SpatialConvolution / Conv2d: different results using Pytorch and torch7 for float tensors

Alex_O · September 28, 2020, 6:12pm

Hi,
I tried to use convolution in Pytorch and torch7 (lua).
Operations with the same tensors (with float type) produce different results.

Python code:

import torch
import torch.nn as nn 

torch.set_default_tensor_type('torch.FloatTensor')

def test_conv():
    layer = nn.Conv2d(64, 64, kernel_size=3, stride=1, padding=1, bias=True)
    layer.weight.data.fill_(2.2)
    layer.bias.data.fill_(1.2)  

    tensor = torch.zeros((1, 64, 256, 256))
    tensor.fill_(1.3)
    # print(tensor)

    result = layer(tensor)
    print("[test_conv] result: shape={ %s }, type='%s'\n" % (result.shape, result.type()) )
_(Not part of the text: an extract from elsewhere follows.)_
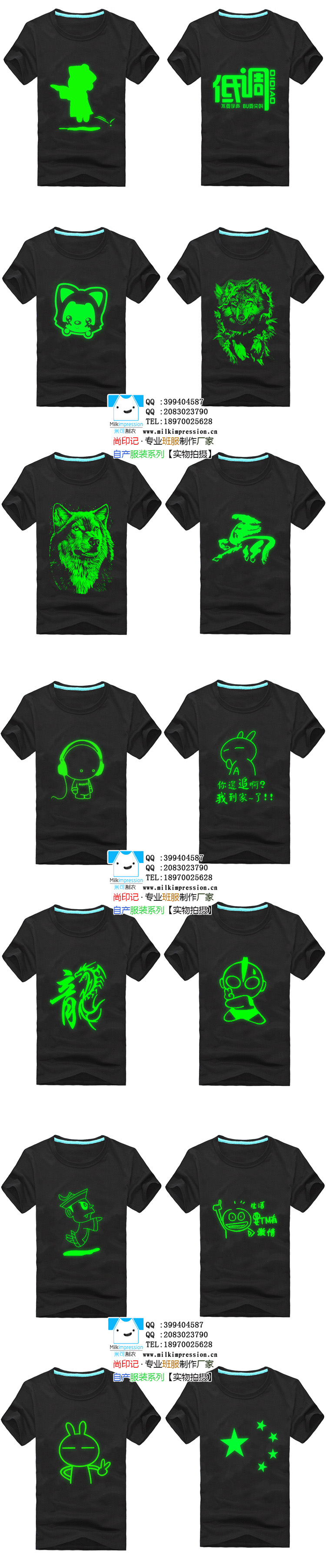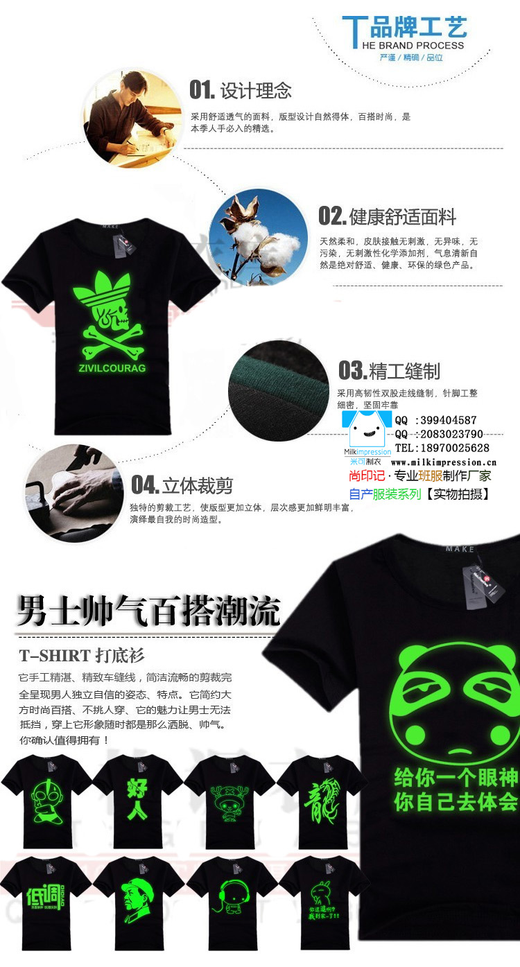 夜光班服个性夜光荧光T恤定制夜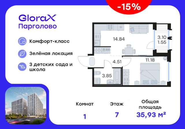 Продается 1-комн. квартира на 7-м этаже в проекте комфорт-класса GloraX Парголово. Общая площадь лота составляет 32,93 кв. м, из которых 10,15 кв. м отведено под жилую и 13,98 кв. м под кухонную зону. Номер квартиры - 64. Преимущества: - Квартира комфорт-класса с полной чистовой отделкой - Зеленый район, Шуваловский парк в 20 мин. пешком - 10 мин. до КАД, 15 мин. до ЗСД - 5 эт. паркинг на 451 м/м - Закрытые дворы с видеонаблюдением - Детские площадки с геопласткой и бизиборадми - Сады и школы в шаговой доступности - Спортивные площадки и велодорожки - Собственный комьюнити-центр - Келлеры для хранения - Коммерческие помещения на 1 этажах GloraX Парголово — масштабный проект комфорт-класса в Выборгском районе Санкт-Петербурга. Место, продуманное до мелочей, где все, что необходимо — рядом. Архитектурно-пространственное решение отличается лаконичностью и строгостью и придает проекту свой характер. Внутренние дворы закрыты от внешнего мира, создавая приватную территорию для жителей. Живите на природе, но с комфортом мегаполиса. Десять минут на велосипеде или полчаса пешком — и вы окажетесь в одном из культовых мест отдыха петербуржцев: Шуваловском парке, Орловском заказнике с их чистыми карьерами или на Суздальских озерах. До ж/д станции "Парголово" 7 минут на автомобиле, до метро Проспект Просвещения 25 минут, КАД 10 минут, ЗСД 15 минут. В шаговой доступности остановка общественного транспорта. В шаговой доступности — собственные школы и детские сады. Здесь все создано для максимального комфорта каждого жителя. Приватное пространство внутреннего двора с беседками с розетками для работы и отдыха, зеленый двор с уютным многоуровневым освещением, детскими эко-площадками и спортивными workout создает неповторимую атмосферу, заряжающую энергией на новые свершения. Квартиры сдаются с предчистовой отделкой White box, с возможностью дозаказа отделки в двух цветовых вариантах. Цена указана при 100% оплате или стандартной ипотеке. Узнайте подробности в Отделе продаж.

    result_flatten = result.flatten()

    i = 0
    for n in result_flatten:
        if i >= 30: break
        number = n.item()
        print("[%d] %f" % (i+1, number) )
        i += 1

test_conv()

Result:

 [1] 733.357605
 [2] 1099.435791
 [3] 1099.435791
...
 [30] 1099.435791

Torch7 lua code:

require 'nn'

torch.setdefaulttensortype('torch.FloatTensor')

function test_conv()
    local kernel_size = 3
    local stride = 1
    local padding = 1
    local layer = nn.SpatialConvolutionMM(64, 64, kernel_size, kernel_size, stride, stride, padding, padding)
    layer.weight:fill(2.2) -- fill weigths with 2.2
    layer.bias:fill(1.2)   -- fill weigths with 1.2

    local tensor = torch.Tensor(1, 64, 256, 256)
    tensor:fill(1.3)       -- fill tesnor with 1.3
    -- print(tensor)

    local result = layer(tensor)

    print(string.format("result: shape={ %s }, type='%s'\n", result:size(), result:type()) )

    local result_flatten = result:view(result:nElement())
    for i = 1, 30 do
        print(string.format("[%d] %f", i, result_flatten[i]))
    end
end 

test_conv()

Result:

[1] 733.360107	
[2] 1099.439697	
[3] 1099.439697	
....
[30] 1099.437012

Difference between results:

pytorch                      torch7
[1] 733.357605          [1] 733.360107	
[2] 1099.435791        [2] 1099.439697	
[3] 1099.435791        [3] 1099.439697	
....
[30] 1099.435791      [30] 1099.437012

Maybe it was caused by different float-point arithmetic in Pytorch and torch7?
or should use a different convolution operator?

tom · September 28, 2020, 7:14pm

As you suspect, differences like this are within numerical accuracy and thus would be expected between different implementations of the same operation (this is 3e-3 on a number of size 7e3, so ~2e-6ish relative error, which seems not unusual).

Best regards

Thomas

Alex_O · September 28, 2020, 7:35pm

Thanks for your reply. I’m trying to use PyTorch pre-trained model in torch7 (lua) and C (libTNN). Seems these small differences may cause huge errors in the output of the entire network (which contains a lot of convolution layers).

tom · September 28, 2020, 7:45pm

Yeah, unfortunate as it is, something isn’t terribly robust about the model because errors of that size might happen even when switching backends within PyTorch.
You could try to train the PyTorch model for a few steps to give answers that more closely match the torch7 ones.